▸ TASK INSTRUCTIONS:
Quote all lines below exactly. Images stay out.

(Stored data)
========================================

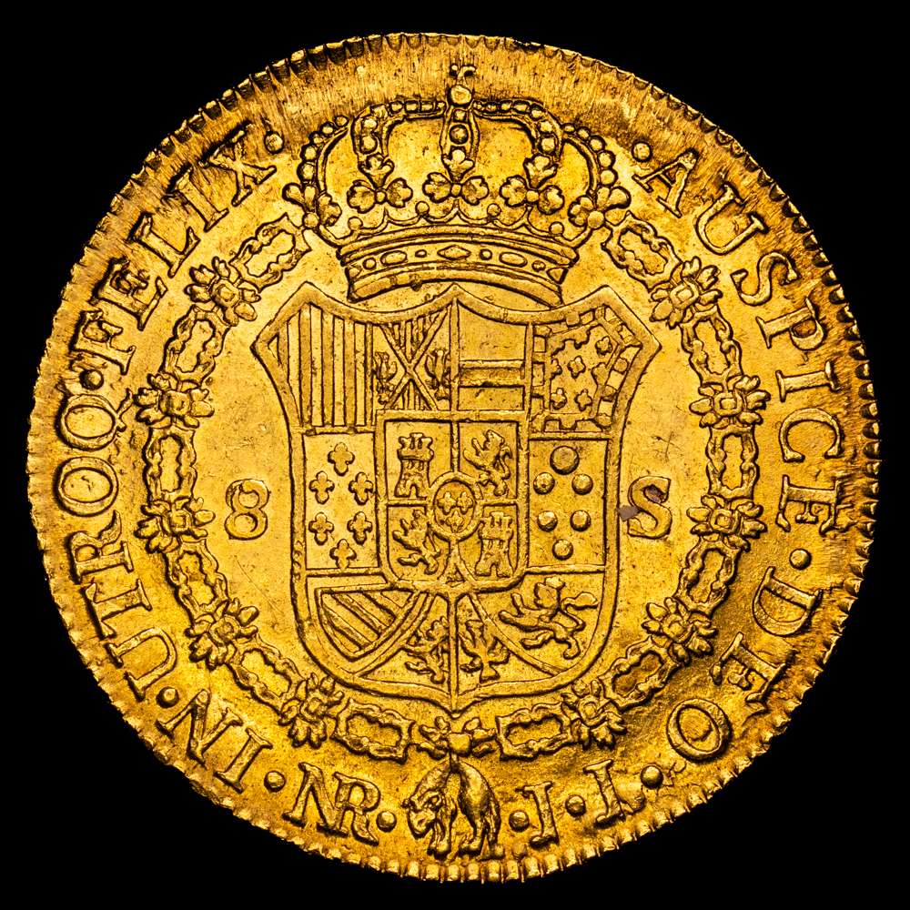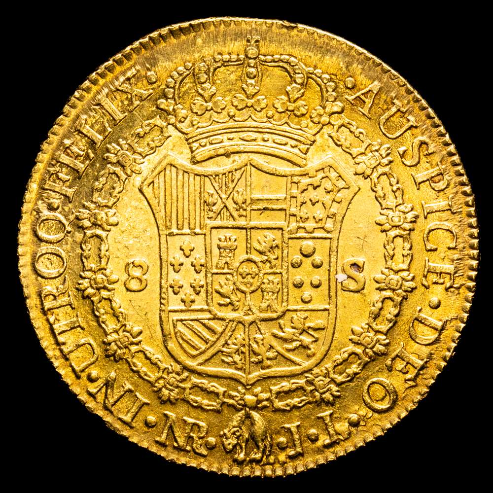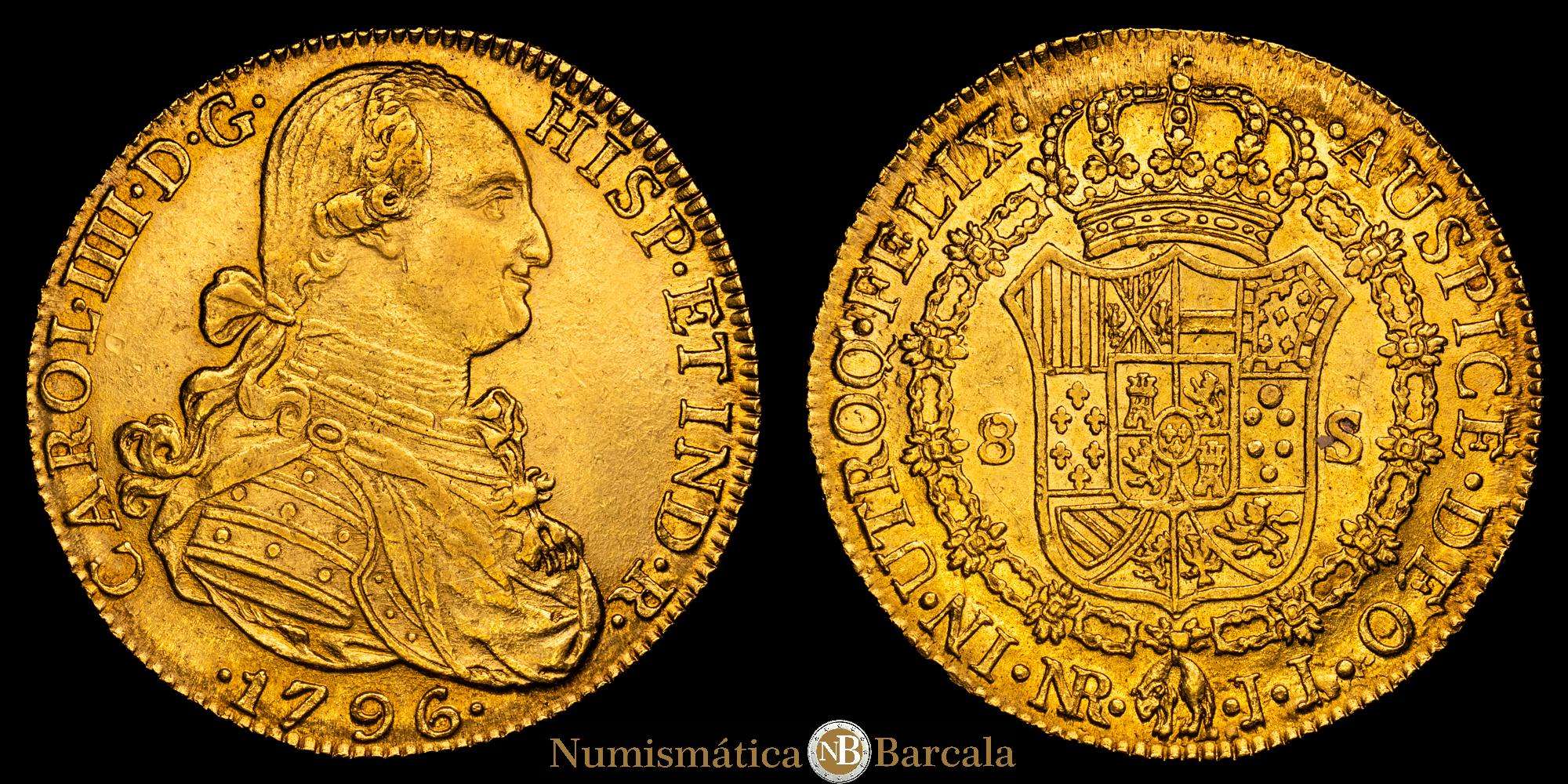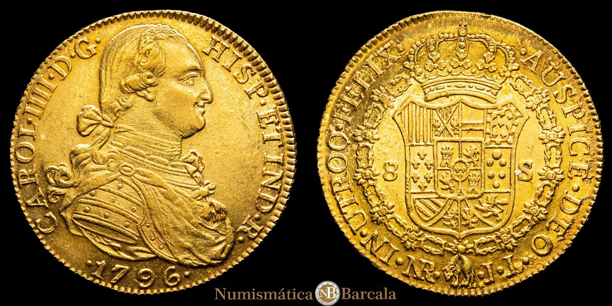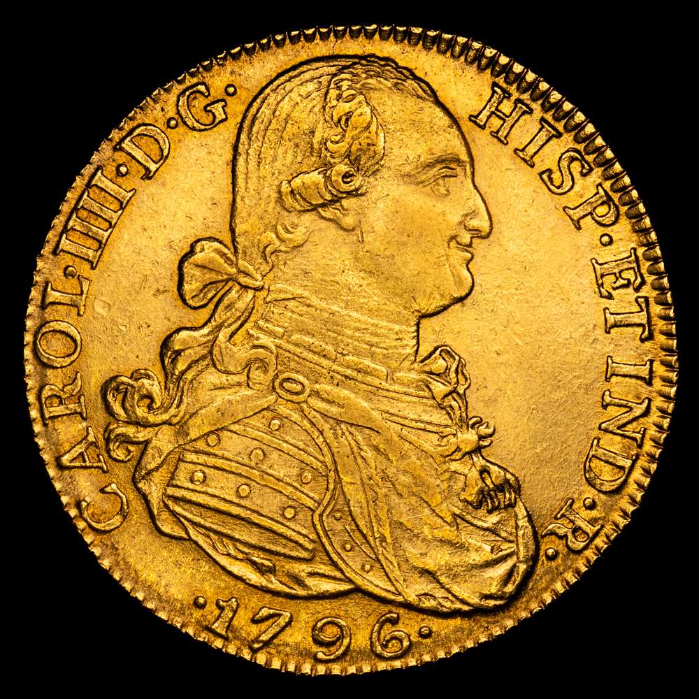 Carlos IV. 1796 Santa Fe de Nuevo Reino. J.J. 8 escudos. (AC. 1729) (Cal.Onza 1127) (Restrepo 97-14). 27,10 gramos. Precioso color, parte de brillo original. Buen y atractivo ejemplar, más para la serie. EBC+. Escasa en esta presentación.
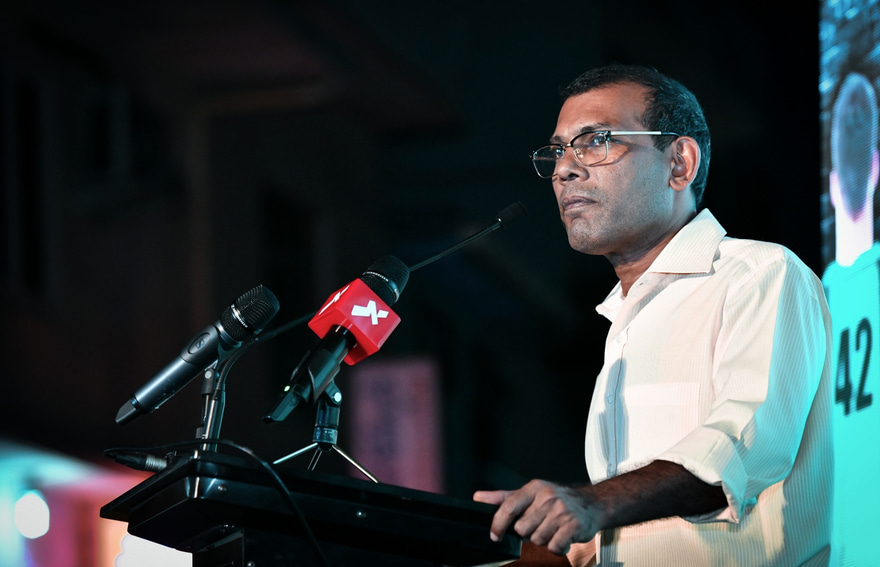 "ކައިވެނީގެ ބޭރުން ކުއްޖެއް މި ހޯދަނީ. ހޯދާފައި އެކަމަށް އަޅުގަނޑުމެންނަށް ހައްލެއް ގެނެވެން އޮތީ ނުވިހާ ގޮތް އަންހެން މީހާ ވެސް ހަދައިގެން،" ނަޝީދު ވިދާޅުވި އެވެ.
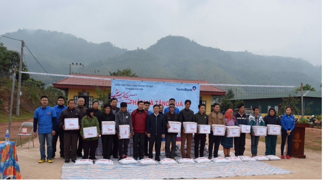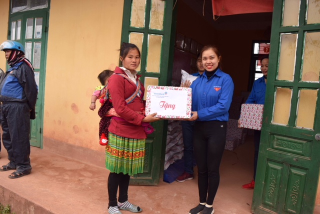 Đoàn thanh niên Chi nhánh Vietinbank Điện Biên tặng quà cho các hộ gia đình có hoàn cảnh khó khăn
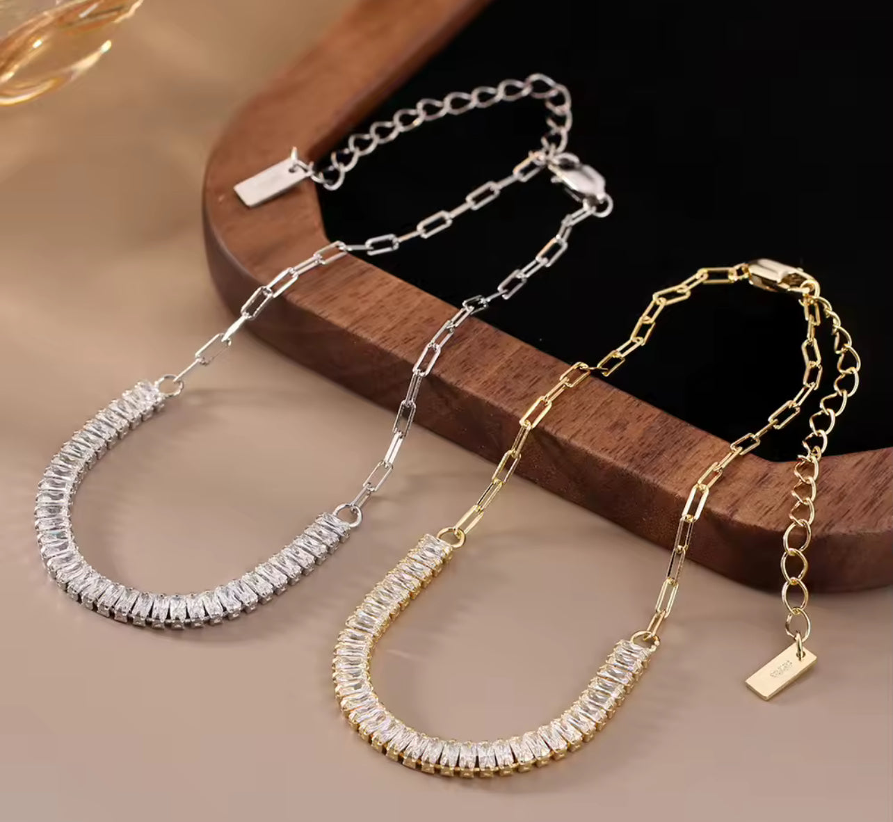 Featuring a paperclip-style chain, this piece is adorned with lustrous tennis chain design that add a touch of sophistication to any outfit.
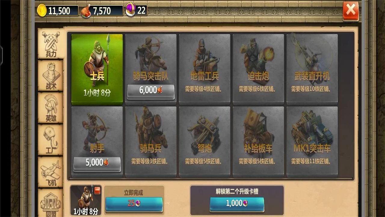 5.单人模式。单人模式中有着5张地图,玩家可以攻克这些地图中的据点来获得金币和食物奖励。每攻克完一张地图的所有据点可以领取一定数量的皇冠。
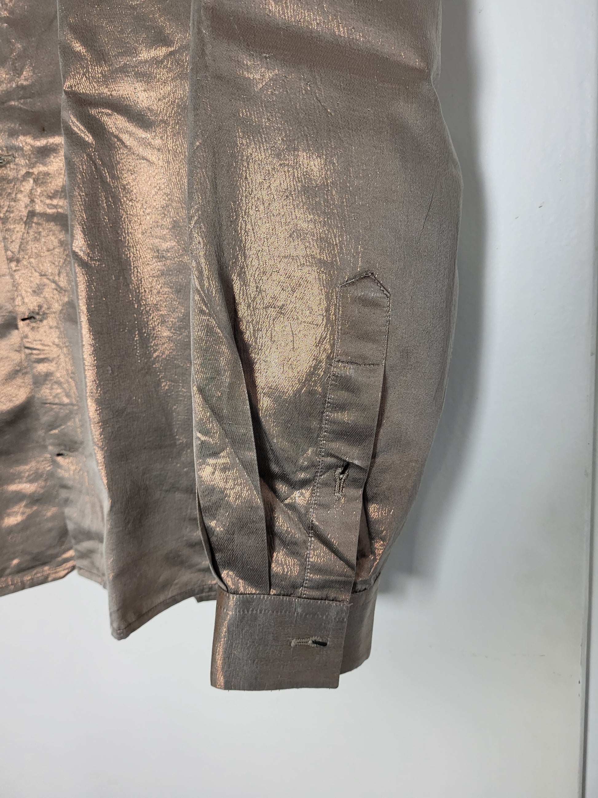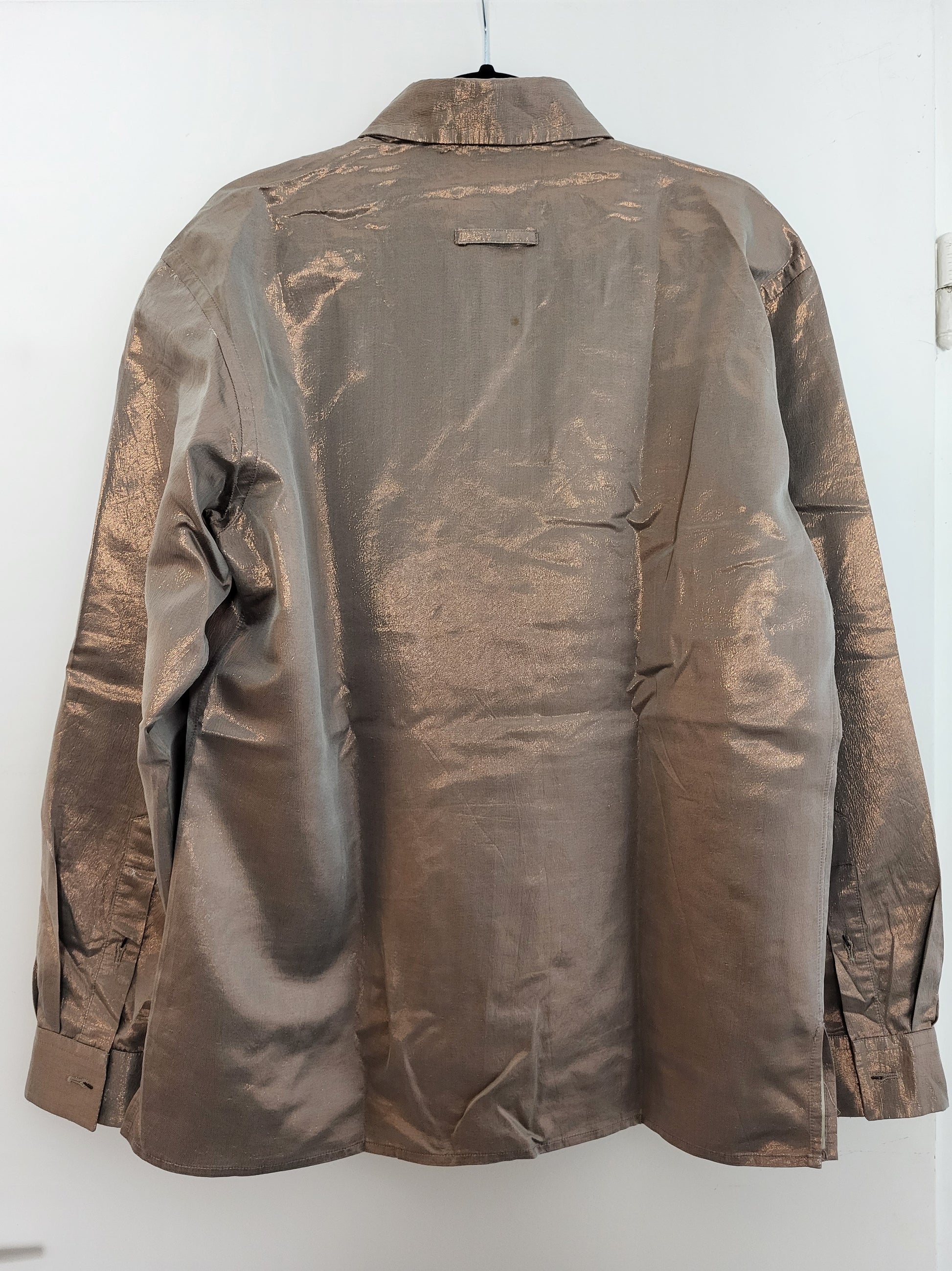 Sehr wertiger Stoff, fühlt sich wunderbar an. Das Hemd verfügt über Haken und keine Knöpfe. Bronzefarbener Seidenstoff, welcher in der Sonne am besten zur Geltung kommt.

========================================

▸ SOLUTION TO THIS EXERCISE:
 Carlos IV. 1796 Santa Fe de Nuevo Reino. J.J. 8 escudos. (AC. 1729) (Cal.Onza 1127) (Restrepo 97-14). 27,10 gramos. Precioso color, parte de brillo original. Buen y atractivo ejemplar, más para la serie. EBC+. Escasa en esta presentación.
 "ކައިވެނީގެ ބޭރުން ކުއްޖެއް މި ހޯދަނީ. ހޯދާފައި އެކަމަށް އަޅުގަނޑުމެންނަށް ހައްލެއް ގެނެވެން އޮތީ ނުވިހާ ގޮތް އަންހެން މީހާ ވެސް ހަދައިގެން،" ނަޝީދު ވިދާޅުވި އެވެ.
 Đoàn thanh niên Chi nhánh Vietinbank Điện Biên tặng quà cho các hộ gia đình có hoàn cảnh khó khăn
 Featuring a paperclip-style chain, this piece is adorned with lustrous tennis chain design that add a touch of sophistication to any outfit.
 5.单人模式。单人模式中有着5张地图,玩家可以攻克这些地图中的据点来获得金币和食物奖励。每攻克完一张地图的所有据点可以领取一定数量的皇冠。
 Sehr wertiger Stoff, fühlt sich wunderbar an. Das Hemd verfügt über Haken und keine Knöpfe. Bronzefarbener Seidenstoff, welcher in der Sonne am besten zur Geltung kommt.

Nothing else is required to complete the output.